I took Jenn's advice to heart. When Boyd Clemson dropped in the following Thursday, I asked him if he'd like to grab a sandwich at Zabars. I didn't know anything about the guy other than he was a few years older than I, sharp as a tack and really easy on the eyes.

Truthfully, I enjoyed his company. It was a nice change from the intensity I experienced with Kason. Boyd was about as laid-back and easy going as they come. He told me that his family had been in the publishing business for generations but his grandfather had sold the company back in the sixties for a tidy sum. His father had turned his considerable inheritance into a charitable foundation to promote the arts.

"I am what is disdainfully known as a 'trust fund baby'. Gramps putters around his bookstore. I putter around the world. When the trusts were set up, someone unwisely made them big enough to squash any motivation to work, but small enough to prevent any meaningful business investment," he told me over a pastrami sandwich and Dr. Brown's soda.

"You sound happy enough with your life."

"I am! I am content as hell. Kind of like a neutered Tomcat. I've been effectively castrated of ambition so I am free to devote myself to getting fat and complacent."

"You're not at all fat."

"I was speaking metaphorically."

We strolled a few blocks after lunch, digesting and talking Boyd was a big theater buff and enjoyed finding the most obscure off-off Broadway productions.

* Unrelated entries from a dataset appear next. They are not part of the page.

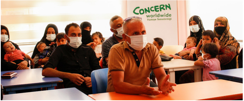
Caregiver engagement session in Ceylanpinar, 2021.

Based on Concern’s global Caregiver Engagement & Family Literacy curriculum, the Turkey Caregiver Engagement programme was initially conceived as an extension of Concern’s existing Education programming and a recognition that the home, school and community affect children’s learning and development. In 2018, the Concern Turkey team adapted the global curriculum to fit the Turkey context and piloted the programme in early in 2019. Since then, the curriculum has been updated several times to include sessions on adolescent brain development and learning needs, screen time and its effect on child development and education opportunities for children with disabilities.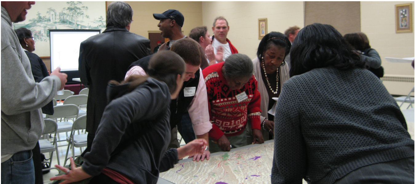
Community residents in Jefferson County, AL engage in development of the Red Rock Ridge and Valley Trail System Master Plan.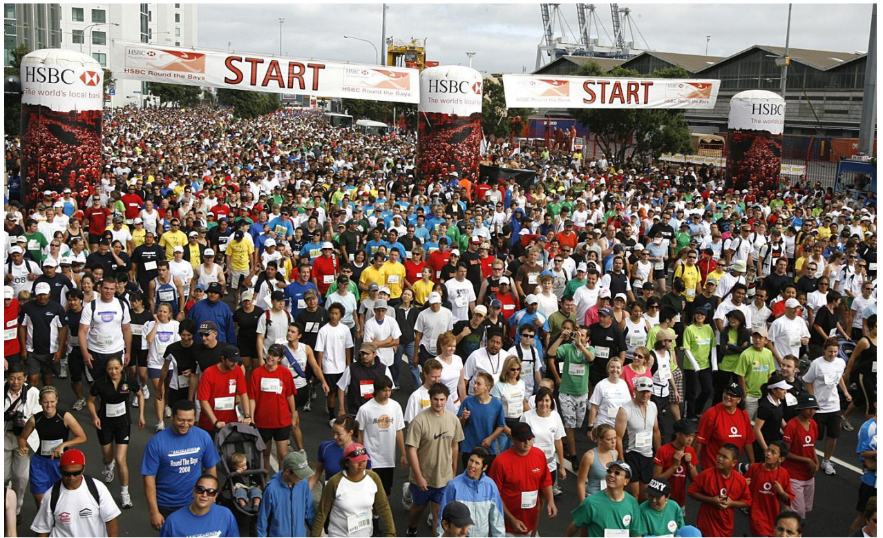
Round the bays fun run- Auckland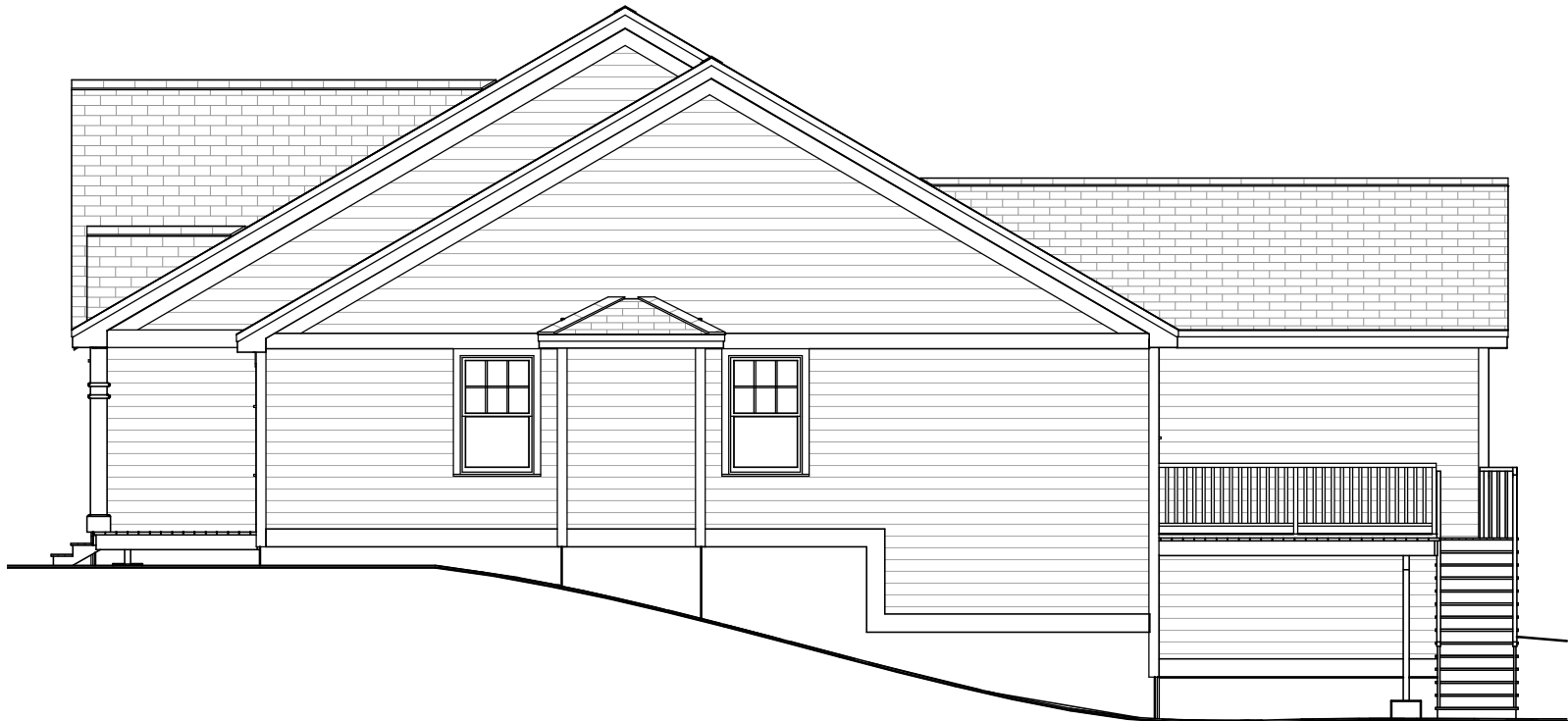
Right Elevation Scale: 1/8" = 1'-0"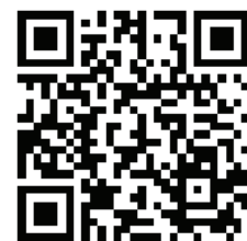
Join OLMQ on Hallow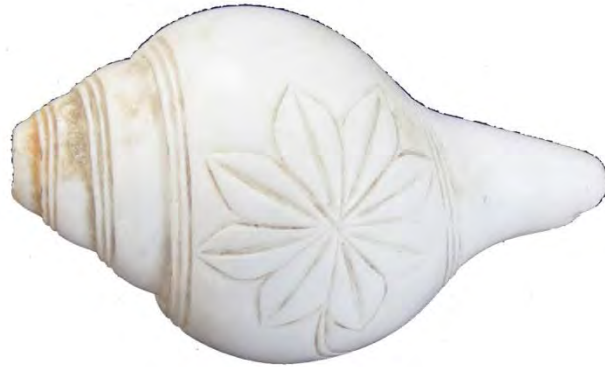
Khaju. Dhin: Conch shell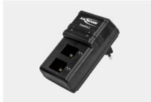
Charger Item No. 5900002010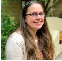
Meet the Expert

"I can make a big impact by hooking the unknowns up with Dad's foundation. It makes me happy to do it. I love theater. It's so much more 'real' than film."

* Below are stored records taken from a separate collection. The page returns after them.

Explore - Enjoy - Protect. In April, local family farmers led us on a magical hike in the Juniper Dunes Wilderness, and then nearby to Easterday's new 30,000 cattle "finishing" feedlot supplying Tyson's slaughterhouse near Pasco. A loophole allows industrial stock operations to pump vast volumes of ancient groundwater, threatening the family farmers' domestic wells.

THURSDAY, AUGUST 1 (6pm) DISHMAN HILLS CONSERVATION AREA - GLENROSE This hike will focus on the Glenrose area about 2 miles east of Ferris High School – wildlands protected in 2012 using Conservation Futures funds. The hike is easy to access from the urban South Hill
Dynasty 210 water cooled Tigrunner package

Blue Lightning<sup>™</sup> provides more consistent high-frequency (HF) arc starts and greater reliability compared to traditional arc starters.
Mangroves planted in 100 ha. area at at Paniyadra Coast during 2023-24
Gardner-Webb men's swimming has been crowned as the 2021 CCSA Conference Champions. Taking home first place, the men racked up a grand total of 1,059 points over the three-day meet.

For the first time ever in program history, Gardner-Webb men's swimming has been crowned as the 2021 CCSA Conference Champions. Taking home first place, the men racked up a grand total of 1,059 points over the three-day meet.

I told him about my stint as stage manager for the Mahkeenac Little Theater. "I had a great time. I was amazed at how talented the actors were. I'd never seen any amateur theater before and I was just blown away by how good they were."

"The actors I know aren't paid much more than volunteers anyway. Some of the productions are just a pure labor of love."

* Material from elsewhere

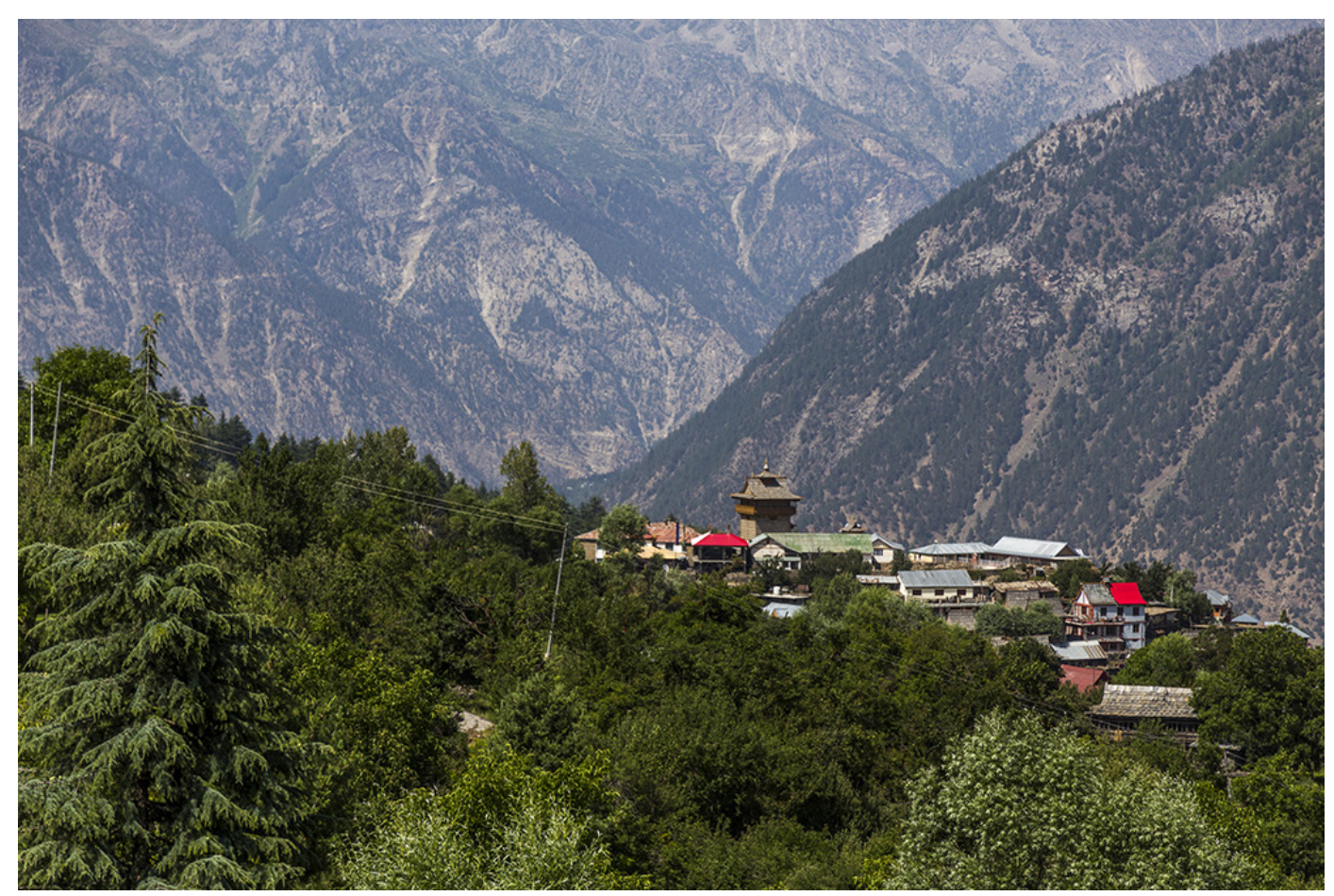
Kalpa village with apple orchards and deodhar trees.

Kalpa is situated at a height of 2960m, on the west of river Sutlej. It was once the district headquarter of Kinnaur which was later shifted to Reckong Peo due to its good connectivity and extreme weather conditions of Kalpa. Kalpa gives you opportunity to witness amazing views of Kinner-Kailash, mythically considered as the winter home of Lord Shiva. The Kinner-Kailash range is famous for its 79 feet high stone, resembling a Shivaling, which changes colours through the day. As the entire administration has been shifted to Reckong Peo, the atmosphere at Kalpa is peaceful and laid back. The region is full of apple orchards, woods, picturesque villages and hamlets.

Boyd started visiting the shop more frequently after our lunch and I began to look forward to seeing him once or twice a week. He was a self-taught computer whiz kid and helped me over more than one 'bump' in the new catalog system.

"I've always had lots of time and state-of-the-art equipment. Plus, geeky-ness runs in our family," he explained.

Boyd had a girlfriend who was in her last year of college and away in Spain for a semester abroad. That suited me fine. I wasn't interested in him as a potential boyfriend anyway. I just wanted to spend some time with someone who didn't make me crazy like Kason did. When Boyd asked me to pinch hit for a stage manager who'd broken his ankle, I was happy to oblige. I didn't realize it at the time, but my simple favor to my new friend would catapult my relationship to Kason into a brand new dimension.